After reporting these issues to McAnulty, Hicks was moved to a camp designated for reprimanding detainees; Hicks and his lawyers saw this as a punishment for raising concerns over his treatment to Australian officials. Hicks’ letter also has never been released publicly.
Heavily redacted documents from Department of Foreign Affairs and Trade, obtained through a Freedom Of Information request, include a Record of Conversation between Hicks’ lawyer and Downer on 19 February 2007. Others present included Downer’s then Chief of Staff Chris Kenny, and adviser Angela Macdonald.
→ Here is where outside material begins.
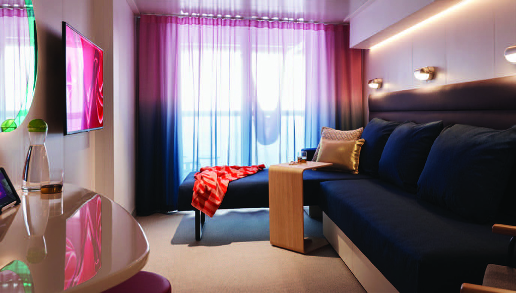 Innovations continue in Scarlet Lady’s accommodations. The transformable seabed can be made into a sofa by day that is much more conducive to lounging or socializing with friends. Trendy features such as mood matching lights, music selection, and automatic curtains are controlled through the in-room tablet.

Downer is recorded as saying:
"…he had varying degrees of worry for people held overseas….the case had progressed beyond the point where the Australian government could simply ask for Mr Hicks’ return; but a plea bargain option might perhaps get him back into Australia more quickly than proceeding with a full hearing….that while lawyers might take the view that the implications of a plea bargain would be to give credence to the military commission process…surely the best thing for Mr Hicks would be to get out of Guantanamo Bay…the government’s position remained that he should face charges. If a trial could be expedited or Mr Hicks accepted a plea bargain — that would be a win/win…"
Howard certainly did not allude to this "win/win" proposition when quizzed on a television program in 2012, and obviously any win/win scenario was unconcerned with natural justice or due process for Hicks. Following the recent Hamdan decision that confirmed that the charge "material support for terrorism" was not a valid war crime, Hicks has publicly stated that all he wants is for an investigation into his case.
The Australian government has a responsibility under international law to independently investigate allegations of torture made by Australian citizens being held abroad, particularly if it is in their power to have them returned to Australia. It apparently does not do so. The WikiLeaks cable makes it clear that protecting US interests is more important in Hicks’ case than protecting an Australian citizen.
We must hold to account those responsible for colluding in arbitrary, unlawful, indefinite detention. We must hold to account those who are complicit in crimes against humanity even if that extends to prime ministers, ministers or ministerial advisers. We can no longer accept that those who are accused of torture should be able to investigate themselves, nor can we accept inadequate internal reviews.
We must object to our government relying on diplomatic assurances about torture or degrading treatment if it permits the transfer of Australian citizens to foreign countries, and we must press our government to block the feeding of questions and information between intelligence services around the world where the major interrogation technique is torture.
And for the future, we must insist that protocols are put in place to ensure that all information concerning instances of actual and alleged personal abuse or torture is made public.